[[ TASK INPUT, beginning ]]

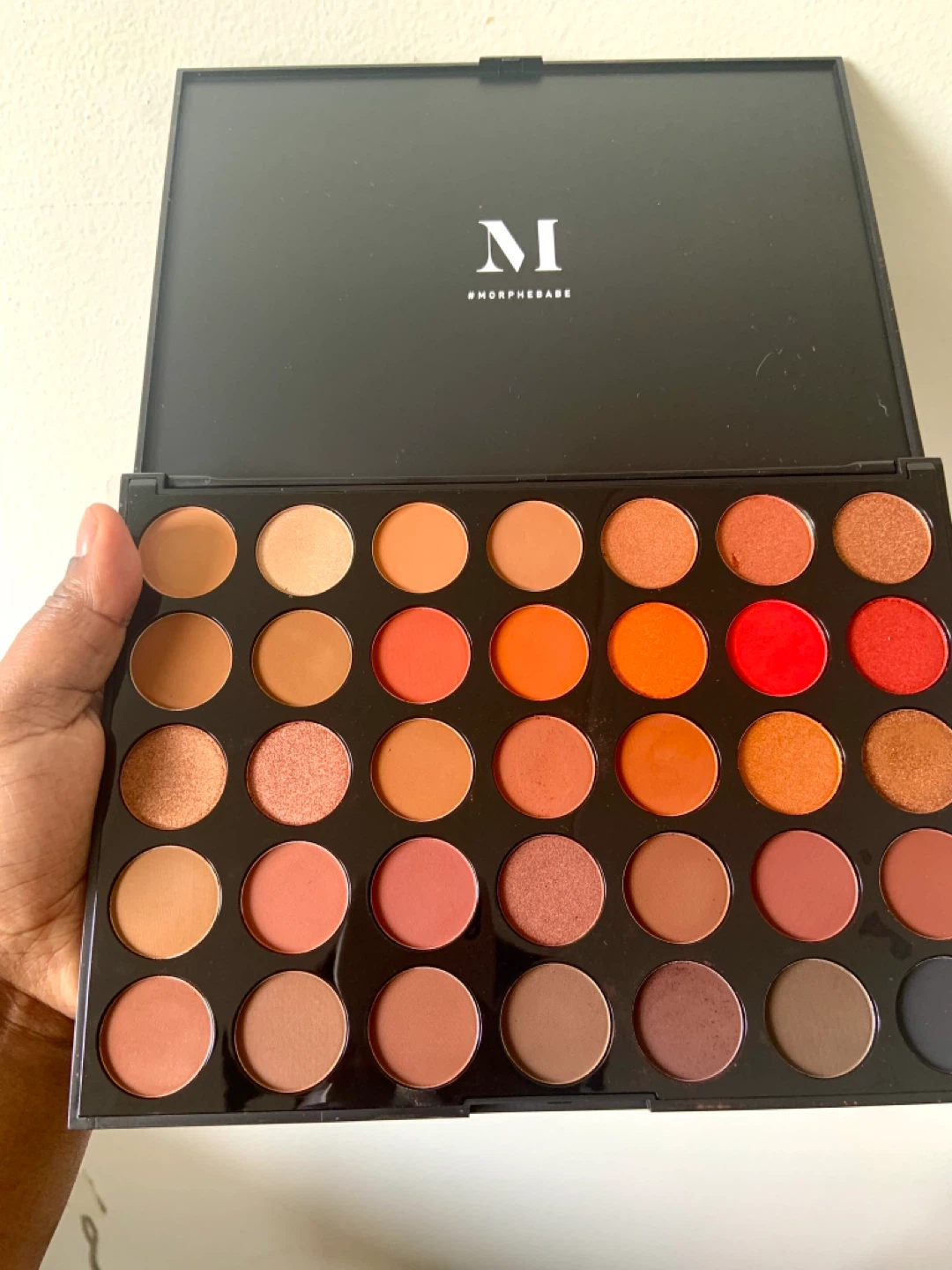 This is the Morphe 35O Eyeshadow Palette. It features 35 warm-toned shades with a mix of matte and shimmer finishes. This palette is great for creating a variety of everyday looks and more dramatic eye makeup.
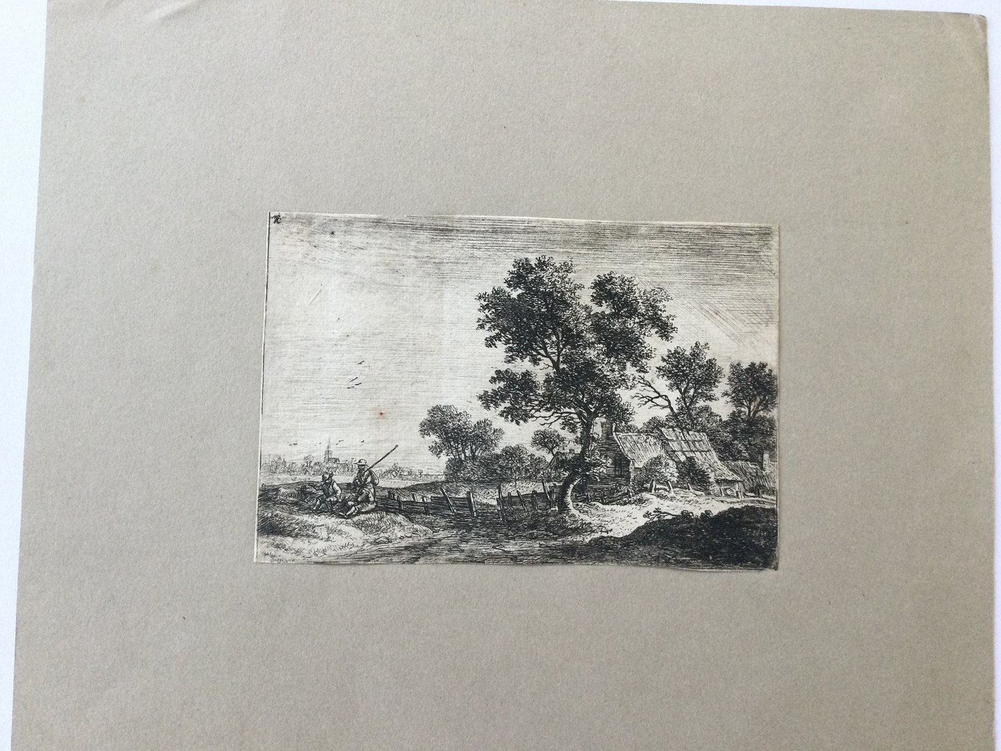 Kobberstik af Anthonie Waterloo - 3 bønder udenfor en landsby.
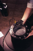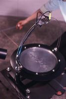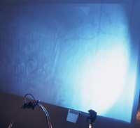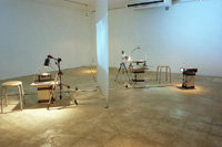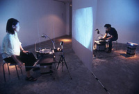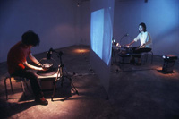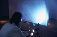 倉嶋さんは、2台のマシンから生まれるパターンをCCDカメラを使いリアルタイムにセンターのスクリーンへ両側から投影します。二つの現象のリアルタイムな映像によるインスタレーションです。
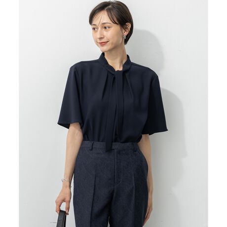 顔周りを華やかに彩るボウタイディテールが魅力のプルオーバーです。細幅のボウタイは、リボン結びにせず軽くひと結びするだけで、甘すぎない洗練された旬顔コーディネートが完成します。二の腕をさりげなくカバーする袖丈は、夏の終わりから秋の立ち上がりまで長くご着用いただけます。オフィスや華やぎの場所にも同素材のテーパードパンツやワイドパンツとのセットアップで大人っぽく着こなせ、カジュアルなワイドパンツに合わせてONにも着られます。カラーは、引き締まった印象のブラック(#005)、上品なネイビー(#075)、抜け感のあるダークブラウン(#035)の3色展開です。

[[ TASK INPUT, end ]]
[[ TASK INPUT, beginning ]]

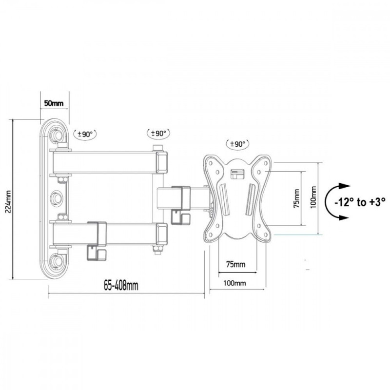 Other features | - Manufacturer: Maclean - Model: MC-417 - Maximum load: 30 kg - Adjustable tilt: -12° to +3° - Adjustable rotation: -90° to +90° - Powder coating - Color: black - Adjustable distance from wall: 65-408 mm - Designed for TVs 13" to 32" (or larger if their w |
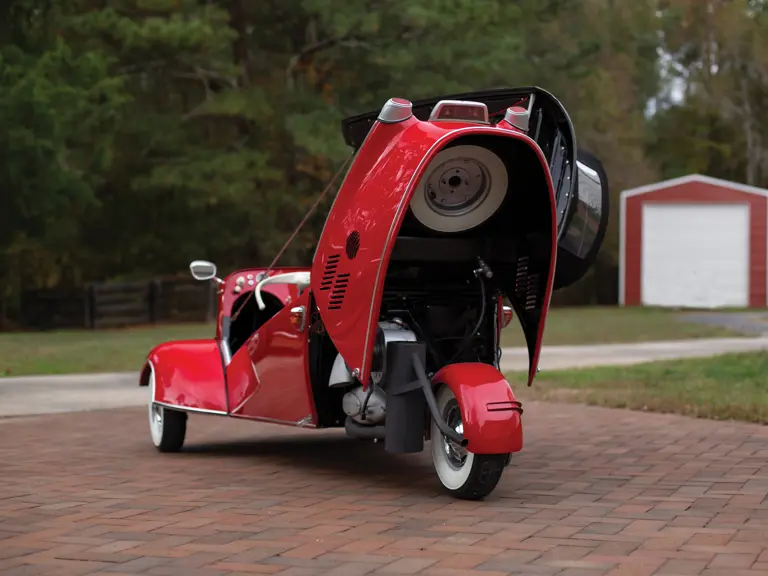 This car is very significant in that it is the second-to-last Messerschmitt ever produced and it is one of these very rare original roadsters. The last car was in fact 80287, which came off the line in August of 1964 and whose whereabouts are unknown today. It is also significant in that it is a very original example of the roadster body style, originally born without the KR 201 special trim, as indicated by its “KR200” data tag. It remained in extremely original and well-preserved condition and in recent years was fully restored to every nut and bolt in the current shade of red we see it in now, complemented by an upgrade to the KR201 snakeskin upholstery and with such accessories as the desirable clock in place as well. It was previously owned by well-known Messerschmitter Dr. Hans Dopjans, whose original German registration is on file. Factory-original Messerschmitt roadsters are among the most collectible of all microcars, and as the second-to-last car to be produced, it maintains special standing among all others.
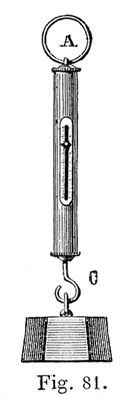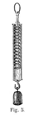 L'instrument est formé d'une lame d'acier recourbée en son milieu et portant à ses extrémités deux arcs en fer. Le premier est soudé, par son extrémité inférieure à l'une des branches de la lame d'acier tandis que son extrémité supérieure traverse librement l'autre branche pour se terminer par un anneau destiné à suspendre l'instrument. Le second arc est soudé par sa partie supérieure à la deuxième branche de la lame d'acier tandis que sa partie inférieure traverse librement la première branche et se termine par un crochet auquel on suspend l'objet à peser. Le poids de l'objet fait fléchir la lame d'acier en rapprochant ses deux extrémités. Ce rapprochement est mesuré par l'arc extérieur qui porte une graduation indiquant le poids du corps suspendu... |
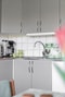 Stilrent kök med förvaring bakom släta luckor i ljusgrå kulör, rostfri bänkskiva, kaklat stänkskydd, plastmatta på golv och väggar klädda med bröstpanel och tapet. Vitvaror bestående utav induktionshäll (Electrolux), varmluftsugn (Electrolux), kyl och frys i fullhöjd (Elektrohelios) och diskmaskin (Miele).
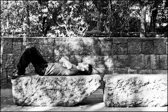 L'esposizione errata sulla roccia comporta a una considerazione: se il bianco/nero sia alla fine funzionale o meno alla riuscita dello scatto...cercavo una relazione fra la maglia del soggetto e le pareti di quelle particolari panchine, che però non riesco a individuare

[[ TASK INPUT, end ]]
[[ TASK INPUT, beginning ]]

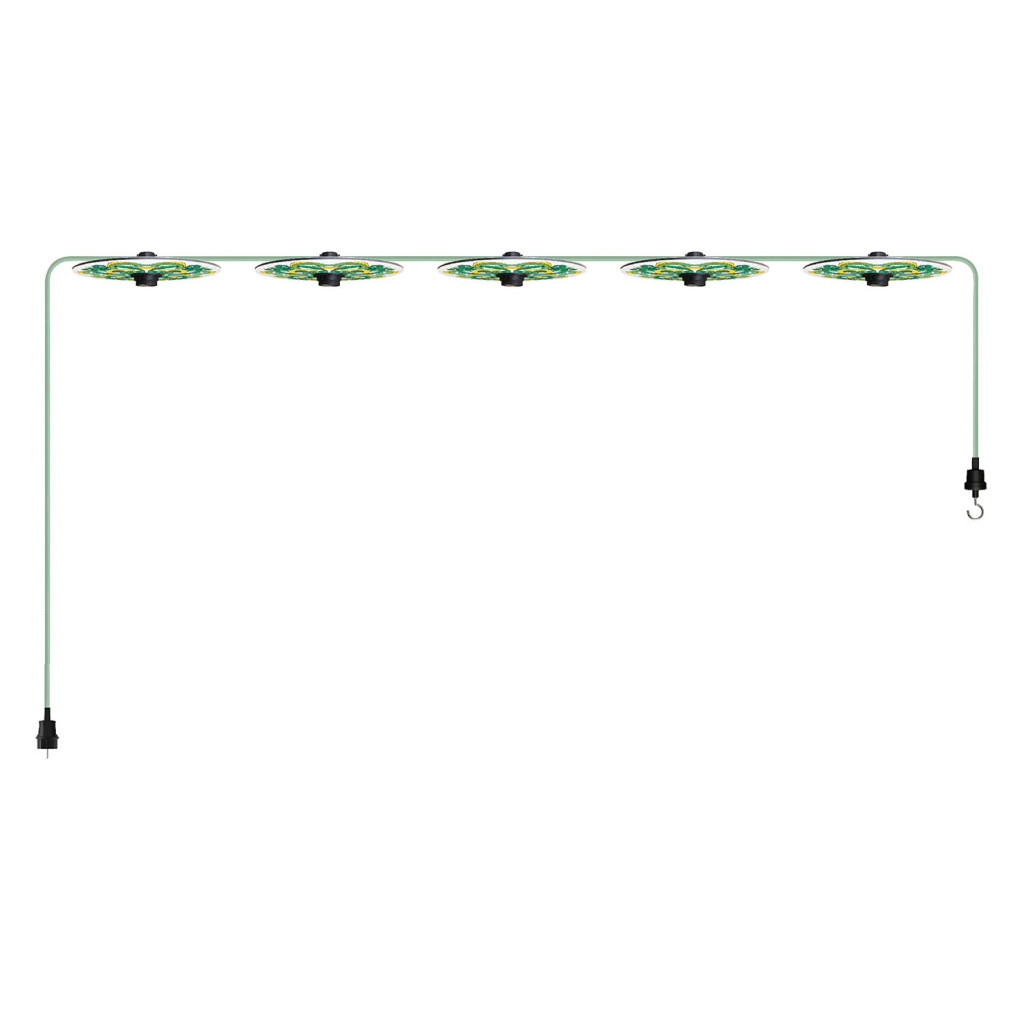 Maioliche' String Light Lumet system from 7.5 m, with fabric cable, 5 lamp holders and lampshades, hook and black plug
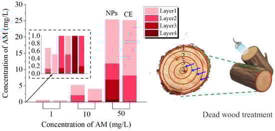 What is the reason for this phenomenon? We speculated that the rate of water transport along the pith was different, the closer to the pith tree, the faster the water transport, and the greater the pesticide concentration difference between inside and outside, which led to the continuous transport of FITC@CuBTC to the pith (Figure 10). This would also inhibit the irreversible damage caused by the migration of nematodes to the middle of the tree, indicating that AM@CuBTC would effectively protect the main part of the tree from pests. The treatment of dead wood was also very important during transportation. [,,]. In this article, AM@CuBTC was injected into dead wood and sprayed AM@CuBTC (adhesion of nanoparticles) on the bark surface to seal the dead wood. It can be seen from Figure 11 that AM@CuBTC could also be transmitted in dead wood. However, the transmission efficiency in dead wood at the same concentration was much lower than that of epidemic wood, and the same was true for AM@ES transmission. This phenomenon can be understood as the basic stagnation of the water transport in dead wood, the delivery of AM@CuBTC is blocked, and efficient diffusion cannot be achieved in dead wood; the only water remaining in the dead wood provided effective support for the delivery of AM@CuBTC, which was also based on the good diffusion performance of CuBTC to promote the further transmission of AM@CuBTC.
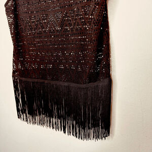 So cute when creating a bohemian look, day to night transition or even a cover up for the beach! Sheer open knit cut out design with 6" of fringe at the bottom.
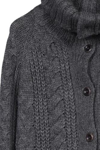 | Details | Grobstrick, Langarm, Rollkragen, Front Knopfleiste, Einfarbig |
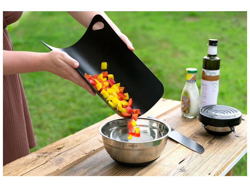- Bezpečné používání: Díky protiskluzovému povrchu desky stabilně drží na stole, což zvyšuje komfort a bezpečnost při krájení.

[[ TASK INPUT, end ]]

- _PROBLEM_: For the data above, set down exactly the lines from the line with "倉嶋さんは、2台のマシンから" to the line with "顔周りを華やかに彩るボウタイ", both included, leaving pictures out.

- _RESPONSE TO THIS TASK_:
 倉嶋さんは、2台のマシンから生まれるパターンをCCDカメラを使いリアルタイムにセンターのスクリーンへ両側から投影します。二つの現象のリアルタイムな映像によるインスタレーションです。
 顔周りを華やかに彩るボウタイディテールが魅力のプルオーバーです。細幅のボウタイは、リボン結びにせず軽くひと結びするだけで、甘すぎない洗練された旬顔コーディネートが完成します。二の腕をさりげなくカバーする袖丈は、夏の終わりから秋の立ち上がりまで長くご着用いただけます。オフィスや華やぎの場所にも同素材のテーパードパンツやワイドパンツとのセットアップで大人っぽく着こなせ、カジュアルなワイドパンツに合わせてONにも着られます。カラーは、引き締まった印象のブラック(#005)、上品なネイビー(#075)、抜け感のあるダークブラウン(#035)の3色展開です。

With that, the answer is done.